Можно назвать «Мужей» репортажем о кризисе среднего возраста. Можно – о кризисе высшего среднего класса. Казалось бы, нет слова скучнее, чем «средний». Но, когда одна усредненность, умножаясь на другую, испытывает острое страдание от собственной усредненности, экранная «бытовуха» обретает черты чуть ли не древнегреческой трагедии. Потому что и возраст, и социальный статус – это лишь лики рока, с которым герои Кассаветеса вечно пытались поспорить.
1971. «Однажды была революция», Серджо Леоне
В своем роде это уникальный фильм: никто не знает, как его правильно называть.
«За пригоршню динамита» – англосаксонское название. Вполне конформистское: намек на то, что это просто очередной спагетти-вестерн Леоне в духе «Пригоршни долларов» (1964). Заодно «атлантисты» – прокатчики ампутировали открывающую фильм цитату из Председателя Мао: «Революция – не званый обед, она творится не так, как книга, рисунок или вышивка.

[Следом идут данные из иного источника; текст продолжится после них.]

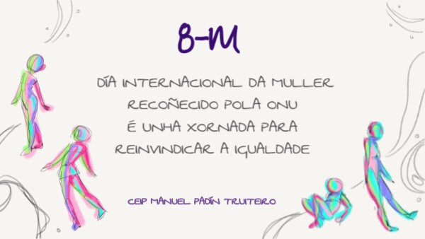 Un ano máis celebramos na nosa escola o 8-M, día no que pedimos a igualdade entre homes e mulleres, a supresión das fendas laborais, a desaparición da violencia en todos os ámbitos. Queremos camiñar cara a unha sociedade máis xusta.

Ее невозможно совершить с теми же элегантностью, спокойствием, деликатностью или нежностью, любезностью, сдержанностью и душевной щедростью. Революция – это восстание, акт насилия, совершая который, один класс свергает другой». Но с цитатой из Мао, без нее ли, фильм менее «экстремистским» не стал.
В некоторых странах фильм шел под прекрасным названием «Пригнись, мудак!». Эту фразу Мэллори (Джеймс Кобурн) – эмигрант, работающий в Мексике на горнорудную компанию, а в прошлом бомбист Ирландской республиканской армии (ИРА) – презрительно бросает подловившему его на дороге пеону-грабителю Хуану (Род Стайгер). Походя он демонстрирует чудесные возможности нитроглицерина. «А если я в тебя выстрелю?» – интересуется любознательный Хуан. «Если я упаду, придется переделывать карту мира. Вместе со мной исчезнет полстраны».